The researchers initially will focus in part on interventions for people with COVID-19 and diabetes, two diseases that have disproportionately affected minoritized groups. The team will also establish structures and methodology—such as a reliance on community partnerships—that can be replicated in future projects.

Study Examines Rural Cancer Control Plans to Address Disparities

A study from researchers at the University of Iowa College of Public Health and the Arnold School of Public Health at the University of South Carolina (UofSC) found that only about one-third of U.S. states, territories, and tribal organizations have made plans to address rural cancer mortality disparities through their required comprehensive cancer control plans.

In 2019, the National Advisory Committee on Rural Health and Social Services released a set of recommendations on rural cancer control that included a recommendation to address these disparities and provide rural-specific strategies as part of their comprehensive cancer control planning. However, there was not any baseline data on whether these plans already included this data. This new study sought to provide a baseline assessment of rural inclusion in these plans.
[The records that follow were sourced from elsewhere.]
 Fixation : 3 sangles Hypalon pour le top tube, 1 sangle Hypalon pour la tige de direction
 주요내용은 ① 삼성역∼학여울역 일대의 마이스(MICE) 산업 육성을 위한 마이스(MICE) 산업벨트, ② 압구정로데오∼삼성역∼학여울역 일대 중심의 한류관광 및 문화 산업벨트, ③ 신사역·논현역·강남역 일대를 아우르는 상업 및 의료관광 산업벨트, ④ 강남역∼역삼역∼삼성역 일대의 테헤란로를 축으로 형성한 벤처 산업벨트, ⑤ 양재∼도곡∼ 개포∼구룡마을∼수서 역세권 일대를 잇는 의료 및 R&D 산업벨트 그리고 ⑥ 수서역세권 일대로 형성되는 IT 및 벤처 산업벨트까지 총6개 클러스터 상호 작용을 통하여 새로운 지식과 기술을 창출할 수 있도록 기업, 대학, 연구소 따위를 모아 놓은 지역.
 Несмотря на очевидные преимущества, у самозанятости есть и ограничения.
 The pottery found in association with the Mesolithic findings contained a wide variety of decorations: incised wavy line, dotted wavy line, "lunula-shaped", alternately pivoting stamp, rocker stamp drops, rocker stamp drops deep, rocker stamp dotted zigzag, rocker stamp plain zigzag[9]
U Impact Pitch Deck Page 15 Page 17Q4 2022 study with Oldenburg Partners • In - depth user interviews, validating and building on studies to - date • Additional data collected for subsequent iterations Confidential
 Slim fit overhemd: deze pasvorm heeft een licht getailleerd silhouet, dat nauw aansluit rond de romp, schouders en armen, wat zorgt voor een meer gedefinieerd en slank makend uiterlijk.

The analysis and paper were led by Sydney Evans, an MPH student at the University of Iowa, and Cathryn Murphy, an undergraduate student at the University of South Carolina. Jan Eberth at UofSC and Natoshia Askelson and Whitney Zahnd at Iowa were also involved in the study. The team reviewed the Comprehensive Cancer Control Plans for all U.S. states, territories, and tribal organizations to see if they included rural-specific data, like cancer rates, or developed rural-specific goals, objectives, or strategies. The research team found that about two-thirds of these groups considered “rural” in their plans and only about one-third of plans included a rural-specific strategy.
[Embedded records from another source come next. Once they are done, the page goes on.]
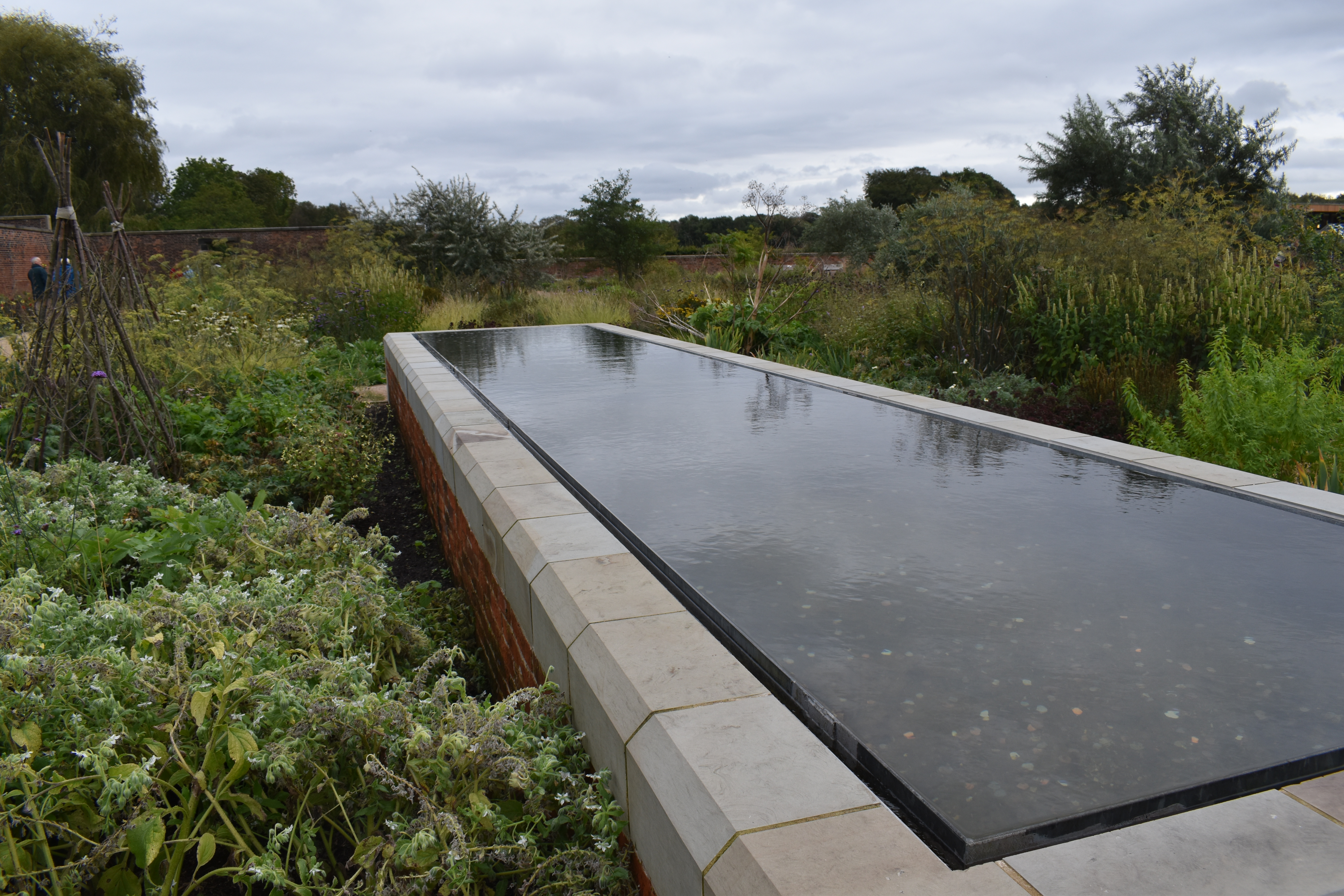 We then wandered into the formal areas within the old walled gardens which must have been so dramatic in their day. The first we reached was the kitchen garden designed by Hugo Bugg and Charlotte Harris, both winners of RHS Young Designer Awards. The underlying structure is influenced by the areas industrial heritage especially its canal system.
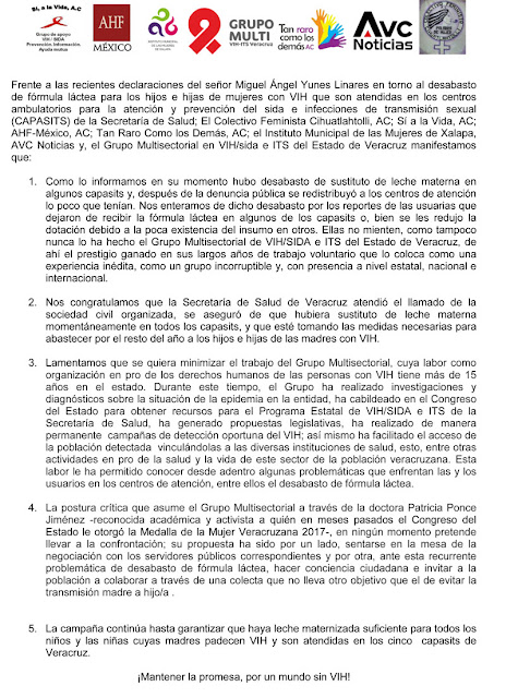 Frente a las recientes declaraciones del señor Miguel Ángel Yunes Linares en torno al desabasto de fórmula láctea para los hijos e hijas de mujeres con VIH que son atendidas en los centros ambulatorios para la atención y prevención del sida e infecciones de transmisión sexual (CAPASITS) de la Secretaría de Salud; El Colectivo Feminista Cihuatlahtolli, AC; Sí a la Vida, AC; AHF-México, AC; Tan Raro Como los Demás, AC; el Instituto Municipal de las Mujeres de Xalapa, AVC Noticias y, el Grupo Multisectorial en VIH/sida e ITS del Estado de Veracruz manifestamos que:
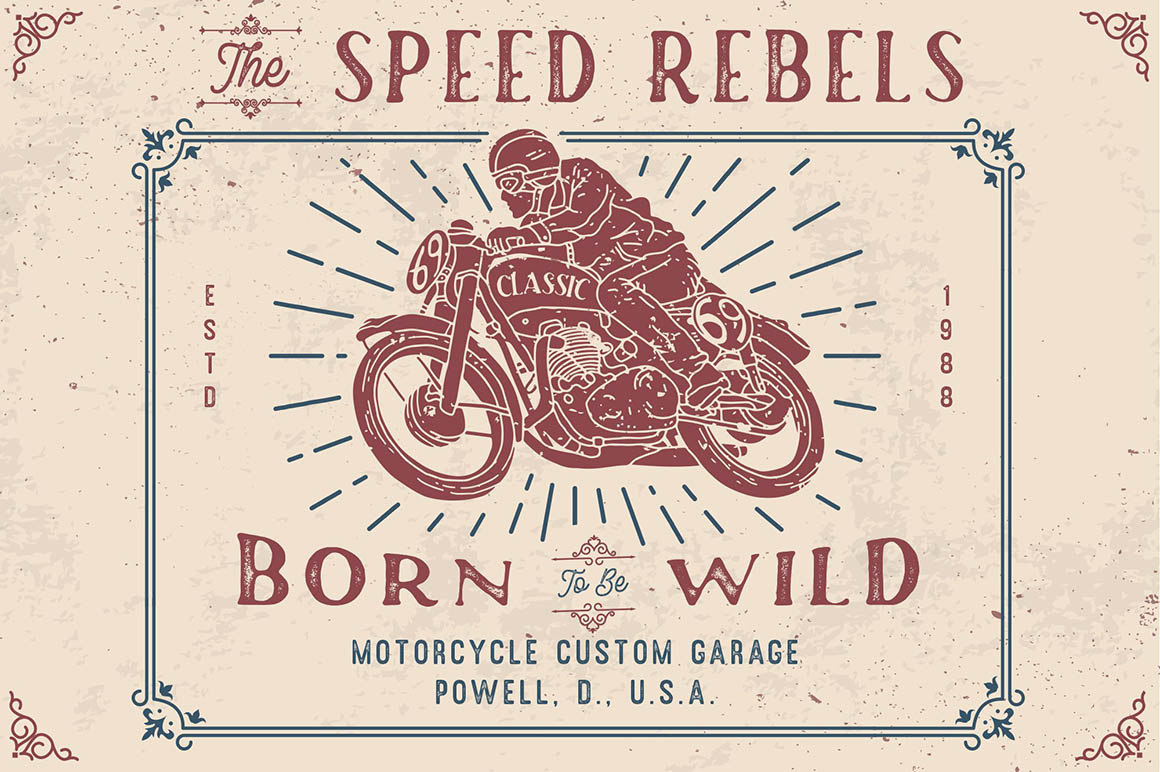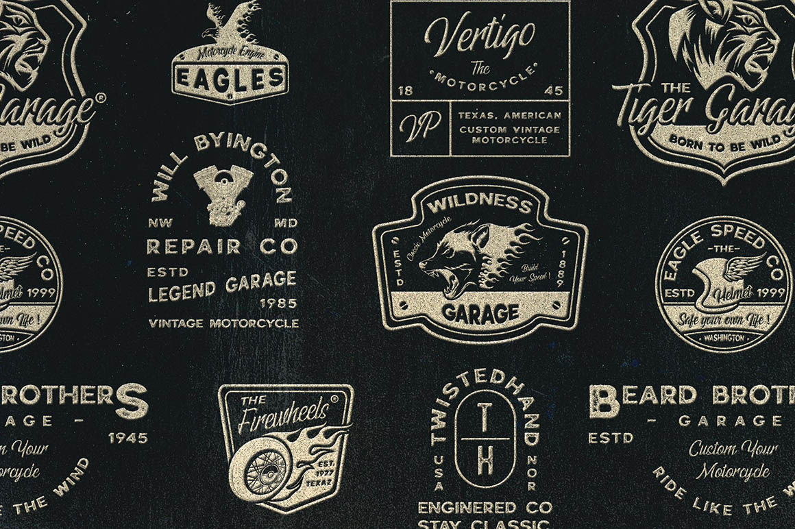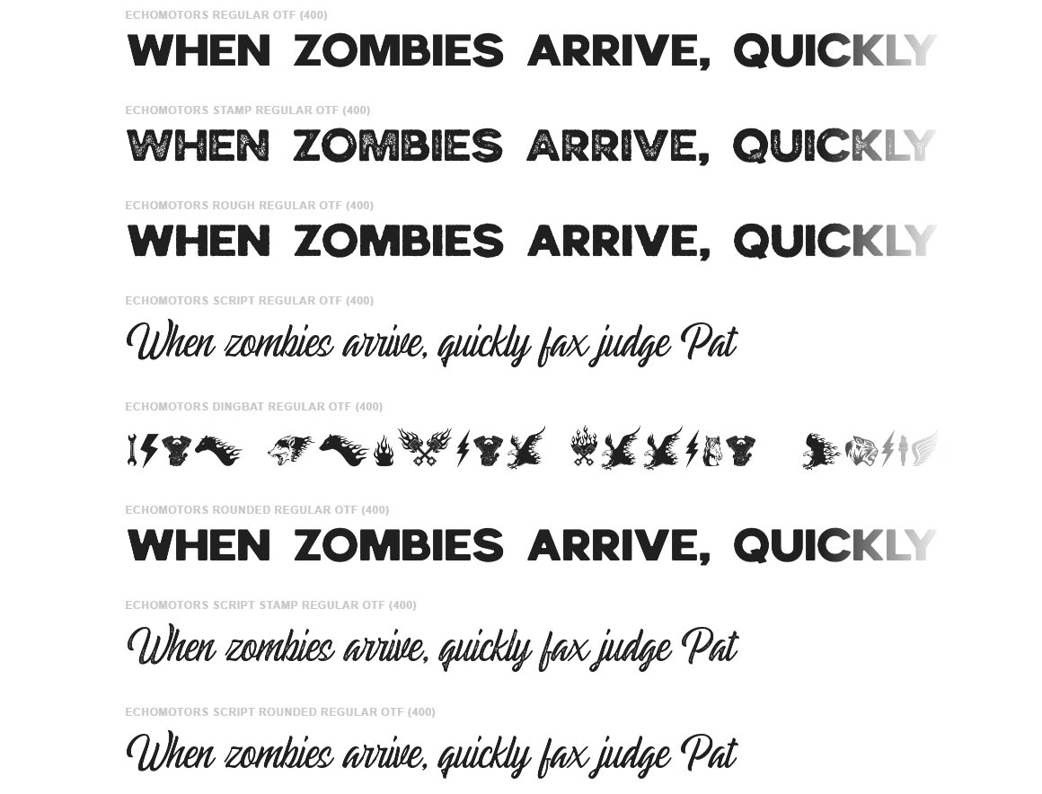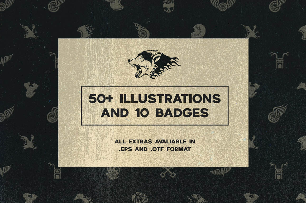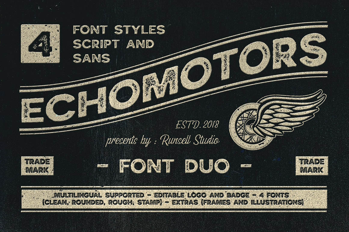 Echomotors fonts have extras illustrations, badges, and logo templates editable in eps and dingbat format. There are five logotype vintage templates avaliable editables for more bonus. All of the sample badges avaliable editable or you can custom with different layout, frame badge, and illustrations.

“As rural populations have higher cancer mortality rates, higher incidence rates for some of the more preventable cancers, and lower cancer screening rates, it is important that they are appropriately considered,” Zahnd says. “Our study helps provide information on how these plans include rural as one way of using research to facilitate public health changes.”
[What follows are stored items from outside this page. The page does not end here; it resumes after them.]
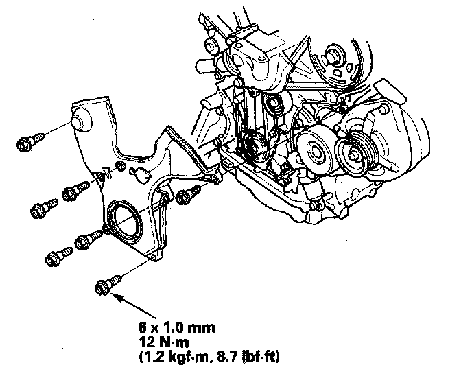 2 Mark the bolt head (D) and crankshaft pulley (E) as shown, then tighten the bolt an additional 60° (The mark on the bolt head lines up with the mark on the crankshaft pulley).
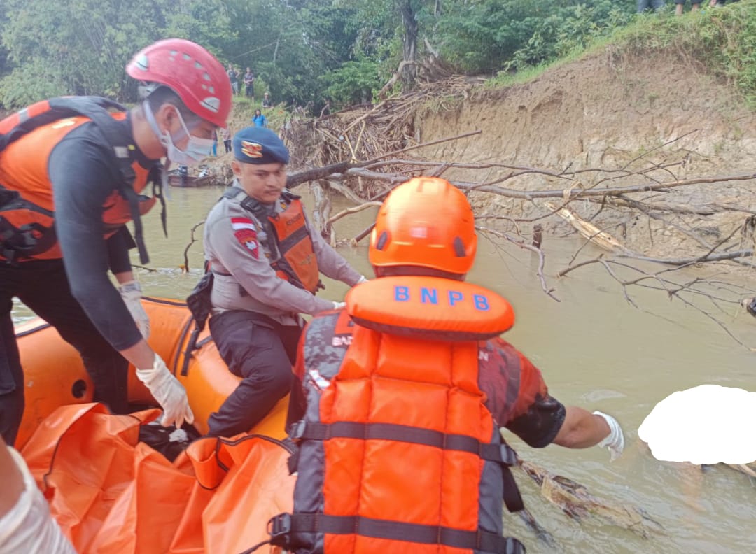 Sekitar pukul 14.50 WIB, tim SAR gabungan akhirnya menemukan korban di dalam sungai dalam kondisi sudah meninggal dunia.
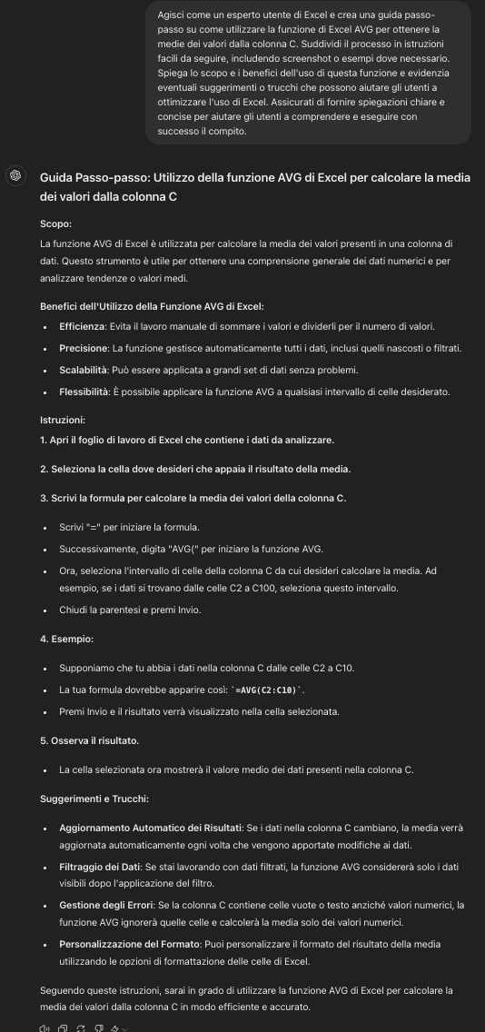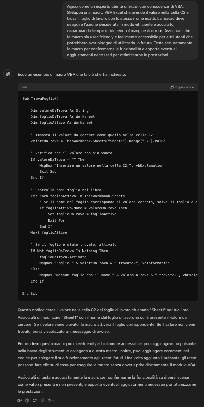 In conclusione, l’integrazione di ChatGPT con Excel può trasformare radicalmente il modo in cui gestiamo e utilizziamo i fogli di calcolo. Grazie ai prompt specifici che abbiamo esplorato, è possibile sfruttare l’intelligenza artificiale per spiegare funzioni complesse, scrivere comandi, creare macro e svolgere compiti avanzati con facilità e precisione. Questa sinergia non solo migliora l’efficienza operativa, ma rende anche Excel più accessibile e user-friendly per utenti di tutti i livelli di competenza.

SURVEY HIGHLIGHTS PANDEMIC’S IMPACT IN IOWA’S SMALL TOWNS

The pandemic has taken a steep toll on mental health in many of Iowa’s rural communities, according to survey data gathered by an Iowa State University rural sociologist and University of Iowa researchers.

The pandemic strained the mental health and personal relationships of many rural Iowans, while residents in larger towns tended to report physical health and economic challenges with greater frequency, according to the survey data collected between December 2020 and February 2021.

The results illustrate how the pandemic impacted communities in different ways and can inform how public policies are constructed to address these challenges, said David Peters, professor of sociology at Iowa State University who led the survey effort. Nicole Novak, research assistant professor of community and behavioral health at the University of Iowa College of Public Health, and Mark Berg, associate professor of sociology at the University of Iowa, also contributed to the project.

The survey asked respondents in 73 Iowa communities to evaluate how the pandemic has affected various aspects of their lives, including their physical and mental health as well as their financial situation. The survey found respondents in the smallest towns were more likely to report worsening mental health and relationships as a result of the pandemic than they were to report worsening physical health. Economic impacts were relatively less widespread in the smallest communities, according to the survey. In larger communities and in towns with meatpacking facilities, however, more respondents said their physical health and economic situation took a toll as a result of the pandemic.